→ **Work to complete**
An exact transcript is required of the lines below, from the one containing "GERBANGPATRIOT.COM, Bandar Lampung" through the very last; leave every picture out of it.

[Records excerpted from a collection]
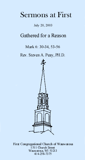Mark tells us that after the apostles had reported back to Jesus about their teaching and healing mission, “He said to them, ‘Come away to a deserted place all by yourselves and rest a while.’” That’s the other reason we gather. Our time of worship each week, our taking time for fellowship, perhaps sitting in on an adult education session, is our coming away to rest. Recall the definition we heard of a Congregational Church, a church is gathered for the public worship of God and for the mutual edification one of the other in the fellowship of the Lord Jesus.
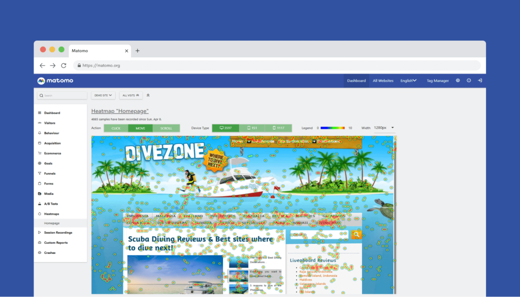 Matomo’s Heatmaps feature records clicks, mouse movements and scrolls to show how visitors interact with a website’s pages. It’s part of Matomo’s visual analytics features, which, combined with Session Recordings, provide comprehensive insights into user interactions.
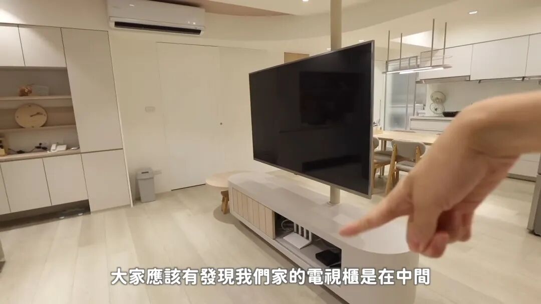 再比如,客厅的电视被处理掉后,就露出了光秃秃的墙面,无奈只能用更多的收纳架遮住,显得有点杂乱。
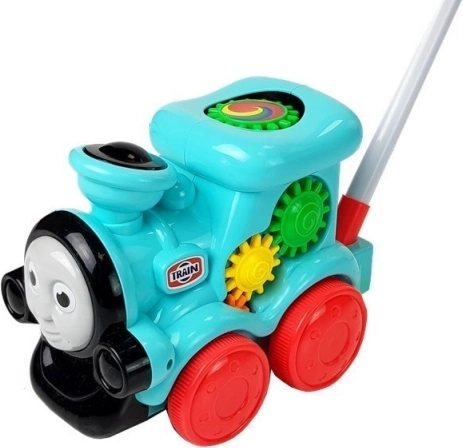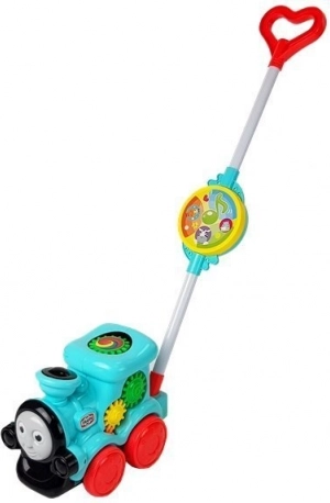 Ovaj šareni guralica-vlakić izvrstan je pratitelj za najmlađe. Zahvaljujući ergonomskoj ručki lako se upravlja i podupire prirodno kretanje djeteta. Tijekom vožnje zviždi i svira melodije, što motivira djecu na daljnje istraživanje i zabavu.
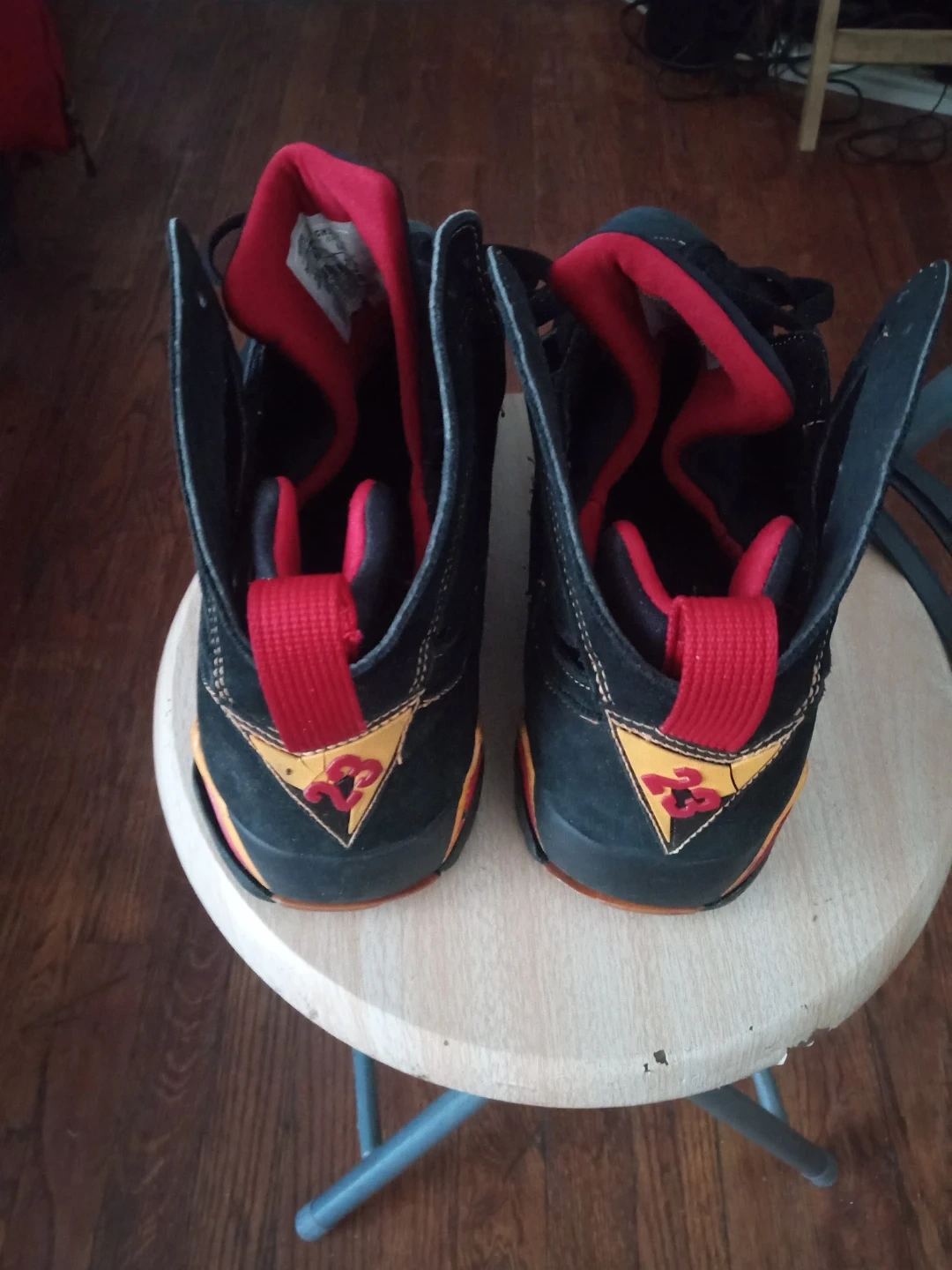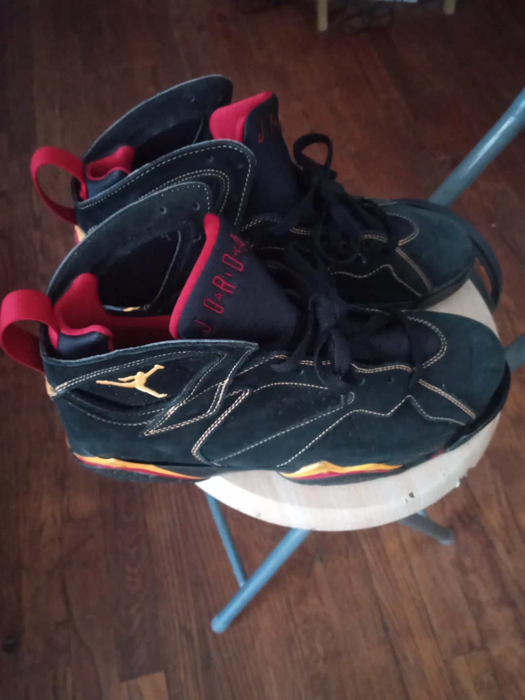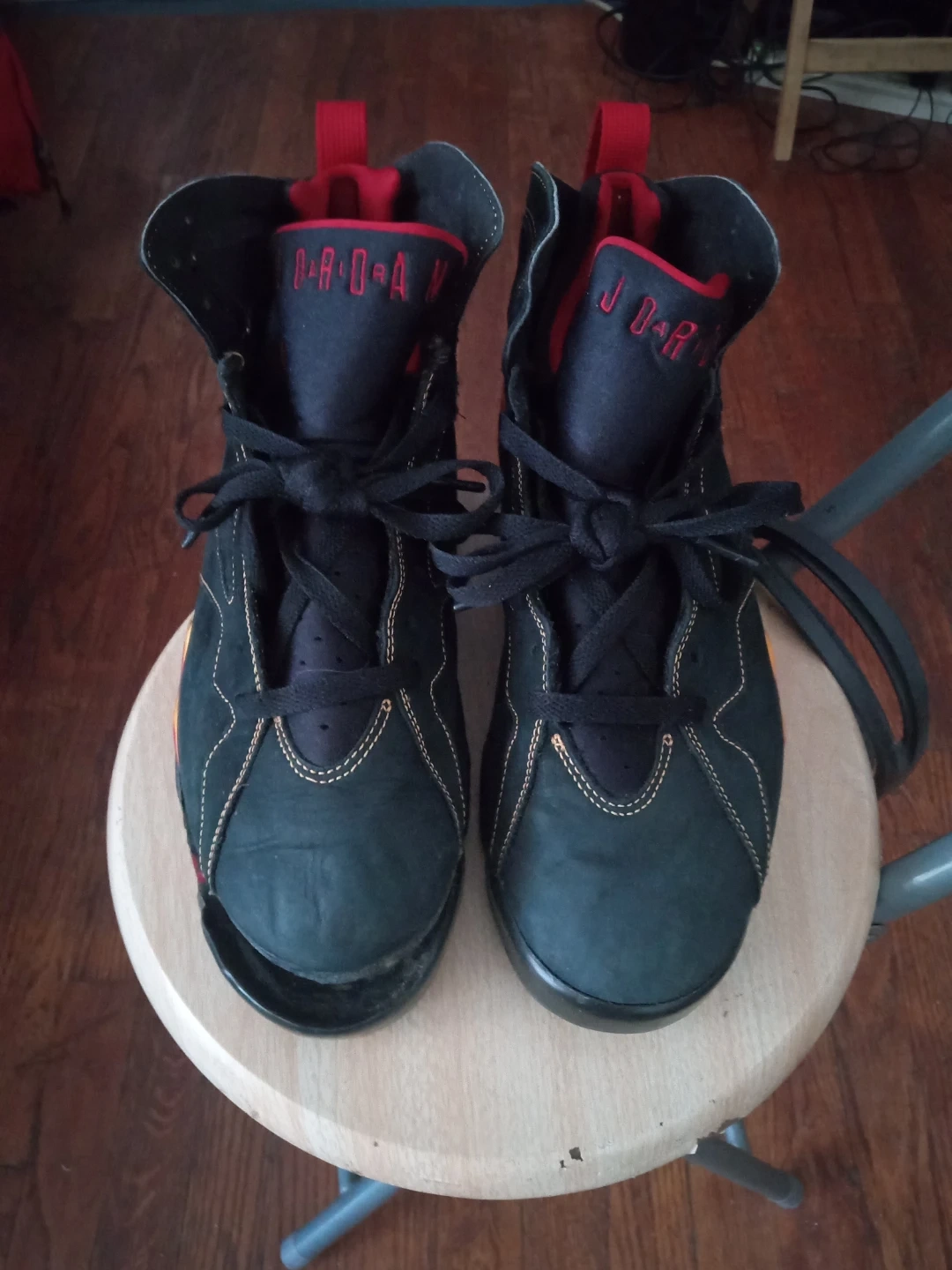 Selling a pair of Collectible Air Jordan 7 citrus Retro sneakers in black and red. They're in good condition with some signs of wear, as shown in the pictures. These are a classic and stylish addition to any sneaker collection!
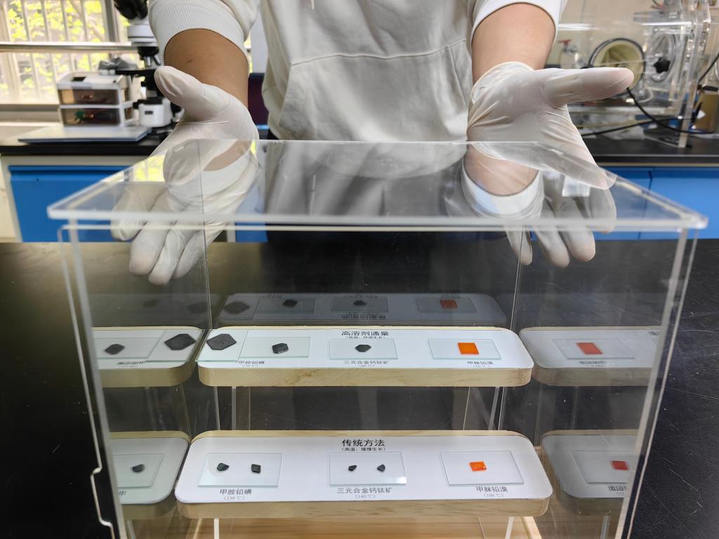 华东理工大学科研人员展示钙钛矿单晶晶片通用生长技术。新华社记者吴振东 摄
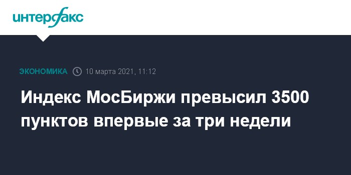 Москва. 10 марта. INTERFAX.RU - Индекс МосБиржи, один из основных российских фондовых индикаторов, утром в среду превысил рубеж 3500 пунктов впервые за три недели на фоне ослабления рубля и новой волны роста blue chips во главе с "Яндексом", несмотря на коррекционную просадку нефти.
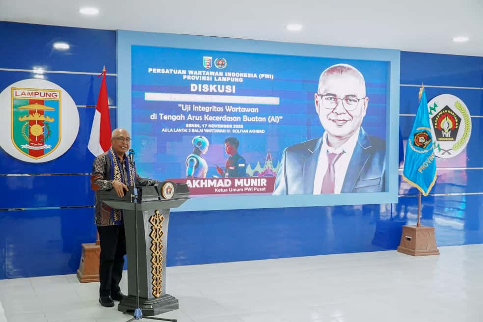 GERBANGPATRIOT.COM, Bandar Lampung – Gubernur Lampung, Rahmat Mirzani Djausal membuka Pekan Pendidikan Wartawan Lampung yang digelar di Aula Lantai 3 Balai Wartawan H. Solfian Akhmad, Kantor PWI Lampung, Senin (17/11/2025). Kegiatan ini diawali dengan diskusi bertema “Uji Integritas Wartawan di Tengah Arus Kecerdasan Buatan (AI)”.
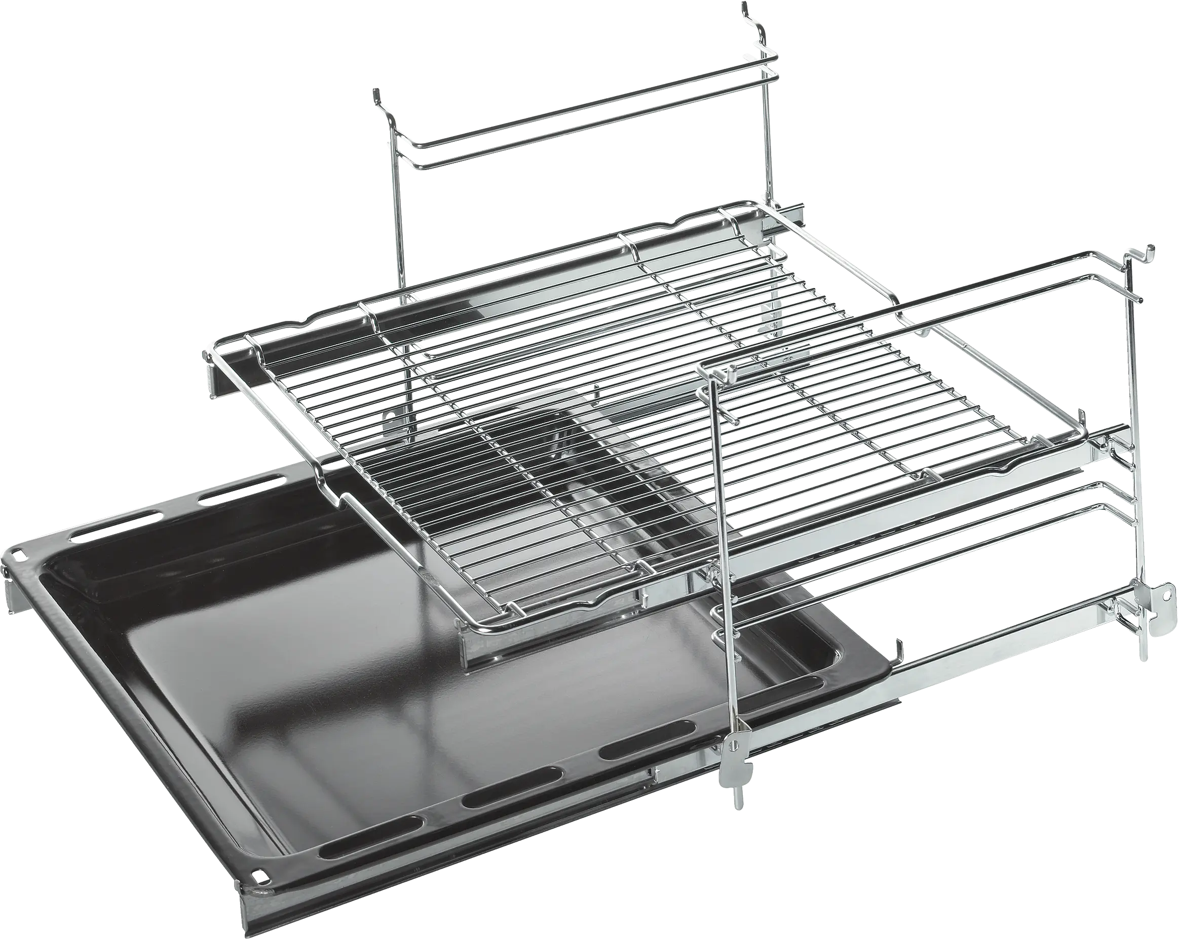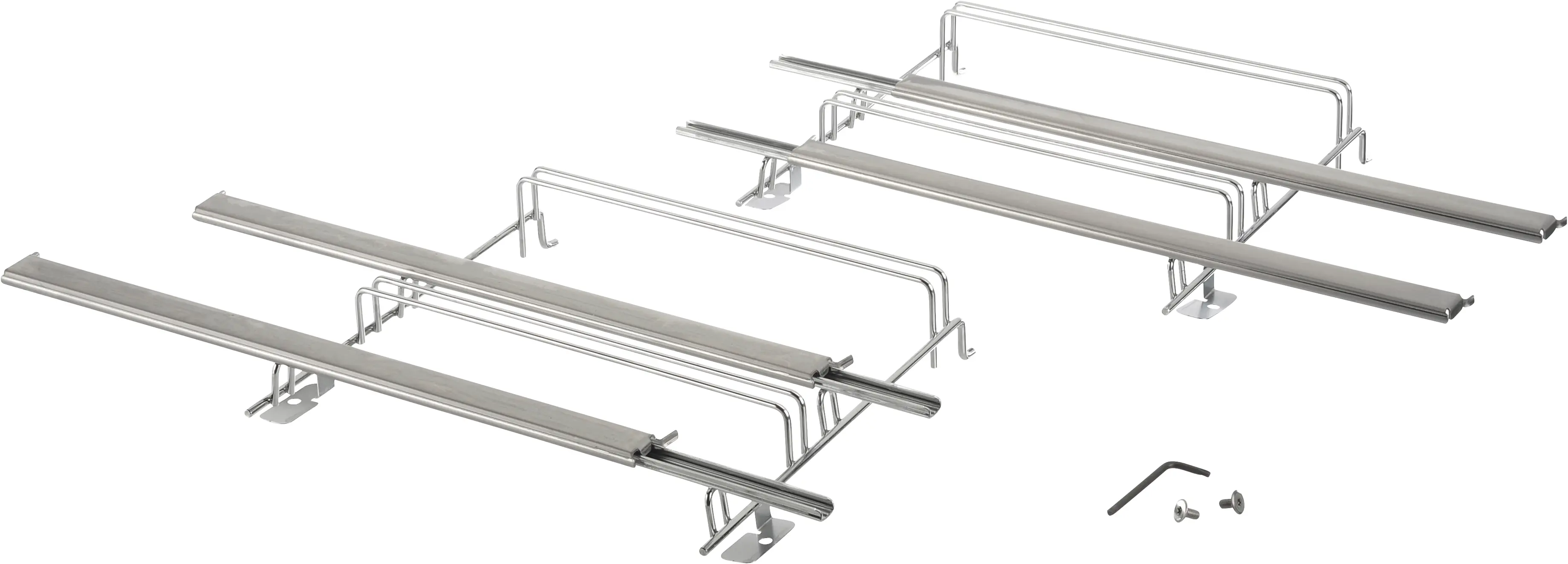 Stekebrett og rister ligger stødig og fint på skinnene. Ingenting vil velte, selv under tung last

→ **Answer for this exercise**
 GERBANGPATRIOT.COM, Bandar Lampung – Gubernur Lampung, Rahmat Mirzani Djausal membuka Pekan Pendidikan Wartawan Lampung yang digelar di Aula Lantai 3 Balai Wartawan H. Solfian Akhmad, Kantor PWI Lampung, Senin (17/11/2025). Kegiatan ini diawali dengan diskusi bertema “Uji Integritas Wartawan di Tengah Arus Kecerdasan Buatan (AI)”.
 Stekebrett og rister ligger stødig og fint på skinnene. Ingenting vil velte, selv under tung last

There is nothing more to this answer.